What this task involves |
Among the entries that follow, locate the line with "In order to" and the line with "Над дизайном букетной". Output those lines and all lines in between, exactly, minus the pictures.

Entries supplied |
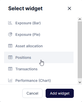 - Then select the relevant widget by clicking on it in the “Select widget” dialogue window that appears.
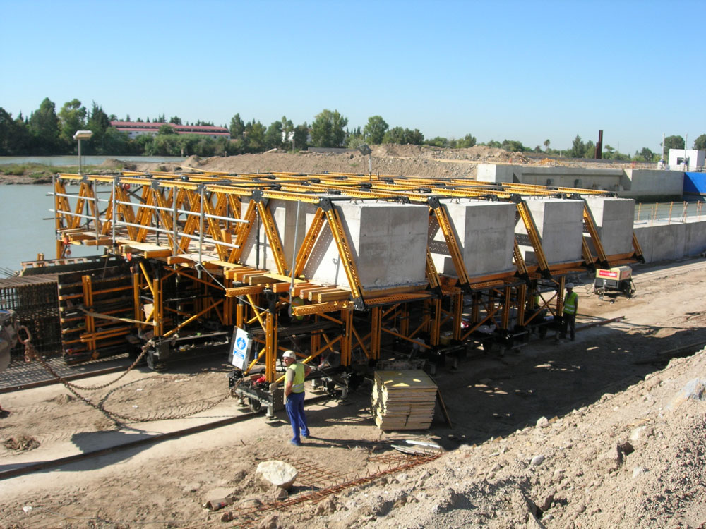 - Konstrukcja przesuwna: element drugorzędny, po którym odbywa się przemieszczanie. Przenosi obciążenia od sił powstających podczas przesuwania konstrukcji.
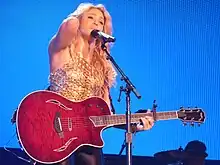 In order to promote the album and MTV Unplugged, Shakira embarked on the Tour Anfibio which began on 17 March 2000 in Panama City, Panama, and ended on 12 May 2000 in Buenos Aires, Argentina.[85] It was sponsored by Nokia. The name "anfibio" was chosen by Shakira for its resemblance with her: earthy, viscerally connected to the water element, capable of adapting and willing to undergo metamorphosis.[86] Shakira said about the tour's name: "You'll have to find out. It's an invitation for you to watch the show and find out. It has nothing to do with past performances. You'll see an evolved and renewed Shakira. It's a spectacle of many transformations that will prevent the public from getting bored".[87] The tour's setlist consisted of songs from her albums Pies Descalzos and Dónde Están los Ladrones?[88] In addition, she included an a capella song, "Alfonsina y el Mar", originally by Argentine folk singer Mercedes Sosa.[89] Criticism of the tour included the high ticket prices, overselling of tickets in Guatemala, which according to the press could have caused a tragedy, the long delays at the start of the show and its short duration, and the accusation of the use of pre-recorded music in Puerto Rico. Despite the criticism, the tour was a financial success, earning Shakira a position in the list of Top 50 Tours published in the summer of 2000 by Pollstar magazine.[90]
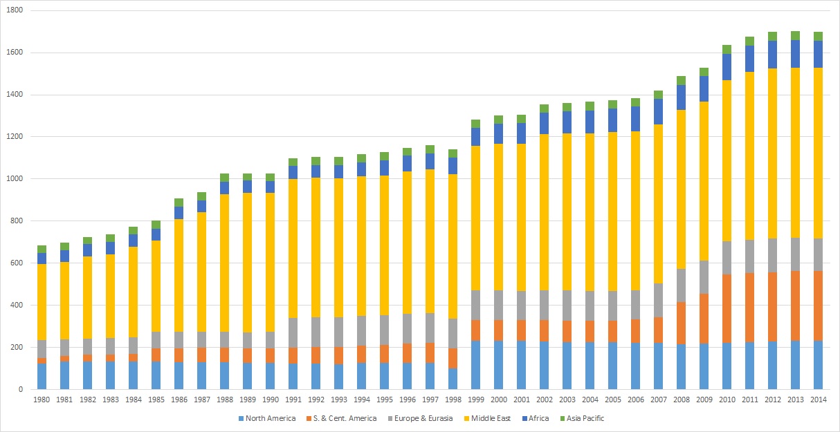 Kretanje rezervi nafte 1980-2014, milijarde barela
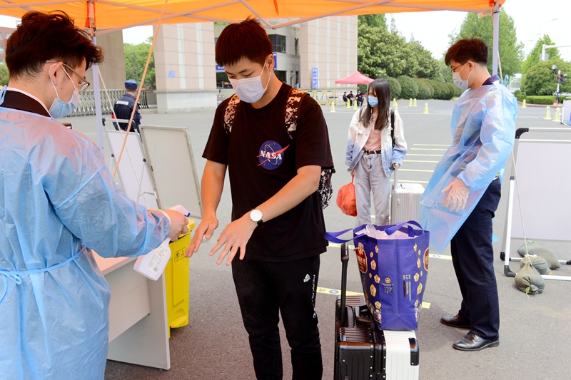 拖着消过毒的行李箱,不少同学直接来到学校提供的转运车前。辅导员老师不时向学生提醒:“这里有电瓶观光车,可以直接把你们送过去。”在校园里闲庭信步,不时可见“春风十里不如学校有你”“欢迎回家”等标语,户外售餐点、餐厅广场一侧的洗手池、图书馆前清晰的一米线……处处表明学校为迎接学生返校、开学复课做好了各项工作。
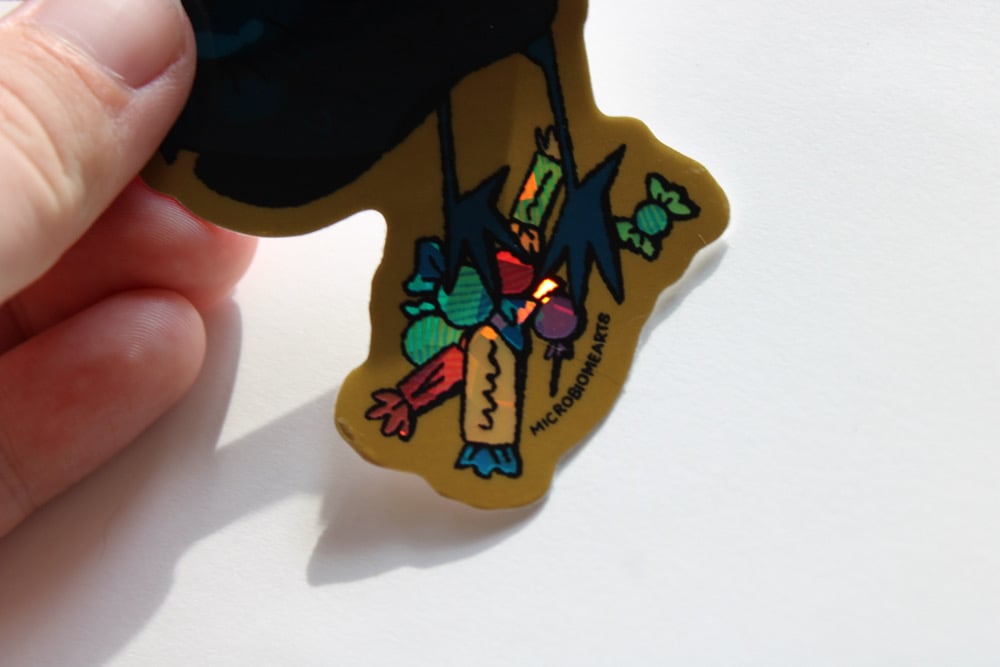 The holo candy on this sticker shines like crinkly candy wrappers.
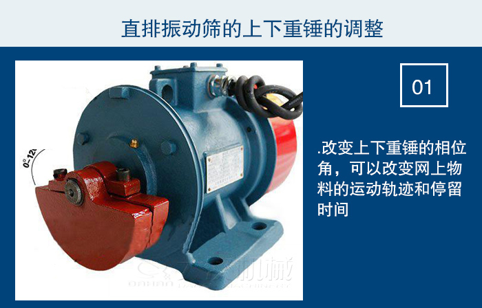 1.改變上下重錘的相位角,可以改變網(wǎng)上物料的運(yùn)動(dòng)軌跡和停留時(shí)間。為是篩機(jī)適應(yīng)各種物料所需求的分離狀態(tài),如物料的分布,處理量、過網(wǎng)率等各種變化,應(yīng)將它調(diào)整到最佳狀態(tài)。
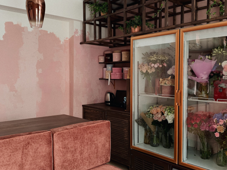 Над дизайном букетной работала студия @tolk.work. Основной акцент помещения сделан на интерьерной росписи стены в рабочей зоне, которую выполнила художница и декоратор @dubrovskaya7. Букетная реализована в гармоничных благородных оттенках Borolo 65 и Borolo 115, использована стойкая экологичная краска #Amphibolin.
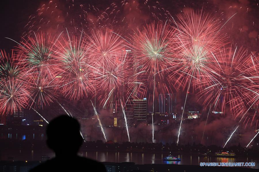 HUNAN, 26 junio, 2019 (Xinhua) -- Fuegos artificiales estallan para anunciar la próxima Exposición Económica y Comercial China-Africa, en Changsha, capital de la provincia de Hunan, en el centro de China, el 26 de junio de 2019. La próxima Exposición Económica y Comercial China-Africa se llevará a cabo del 27 al 29 de junio. (Xinhua/Xue Yuge)
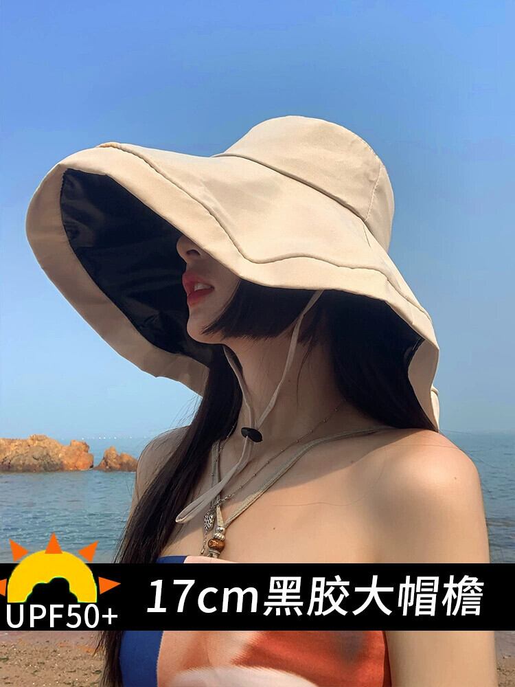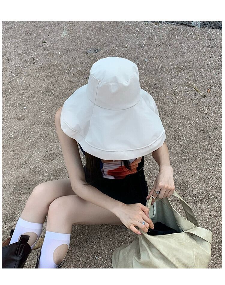黒ゴム漁師の帽子女性の夏超大型ひさし日焼け止め日よけ帽子屋外オールマッチ日よけ帽子抗紫外線顔を覆う帽子 ブラック サマー 夏物 15dd63271084834
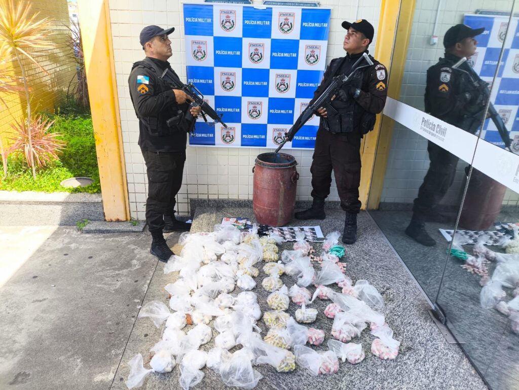 Durante buscas na localidade, os policiais conseguiram encontrar o tonel que continha 1.902 pinos de cocaína de diferentes valores, além de material para endolação e duas balanças de precisão, usadas pelo tráfico para preparar as drogas para venda.

Solution to this task |
 In order to promote the album and MTV Unplugged, Shakira embarked on the Tour Anfibio which began on 17 March 2000 in Panama City, Panama, and ended on 12 May 2000 in Buenos Aires, Argentina.[85] It was sponsored by Nokia. The name "anfibio" was chosen by Shakira for its resemblance with her: earthy, viscerally connected to the water element, capable of adapting and willing to undergo metamorphosis.[86] Shakira said about the tour's name: "You'll have to find out. It's an invitation for you to watch the show and find out. It has nothing to do with past performances. You'll see an evolved and renewed Shakira. It's a spectacle of many transformations that will prevent the public from getting bored".[87] The tour's setlist consisted of songs from her albums Pies Descalzos and Dónde Están los Ladrones?[88] In addition, she included an a capella song, "Alfonsina y el Mar", originally by Argentine folk singer Mercedes Sosa.[89] Criticism of the tour included the high ticket prices, overselling of tickets in Guatemala, which according to the press could have caused a tragedy, the long delays at the start of the show and its short duration, and the accusation of the use of pre-recorded music in Puerto Rico. Despite the criticism, the tour was a financial success, earning Shakira a position in the list of Top 50 Tours published in the summer of 2000 by Pollstar magazine.[90]
 Kretanje rezervi nafte 1980-2014, milijarde barela
 拖着消过毒的行李箱,不少同学直接来到学校提供的转运车前。辅导员老师不时向学生提醒:“这里有电瓶观光车,可以直接把你们送过去。”在校园里闲庭信步,不时可见“春风十里不如学校有你”“欢迎回家”等标语,户外售餐点、餐厅广场一侧的洗手池、图书馆前清晰的一米线……处处表明学校为迎接学生返校、开学复课做好了各项工作。
 The holo candy on this sticker shines like crinkly candy wrappers.
 1.改變上下重錘的相位角,可以改變網(wǎng)上物料的運(yùn)動(dòng)軌跡和停留時(shí)間。為是篩機(jī)適應(yīng)各種物料所需求的分離狀態(tài),如物料的分布,處理量、過網(wǎng)率等各種變化,應(yīng)將它調(diào)整到最佳狀態(tài)。
 Над дизайном букетной работала студия @tolk.work. Основной акцент помещения сделан на интерьерной росписи стены в рабочей зоне, которую выполнила художница и декоратор @dubrovskaya7. Букетная реализована в гармоничных благородных оттенках Borolo 65 и Borolo 115, использована стойкая экологичная краска #Amphibolin.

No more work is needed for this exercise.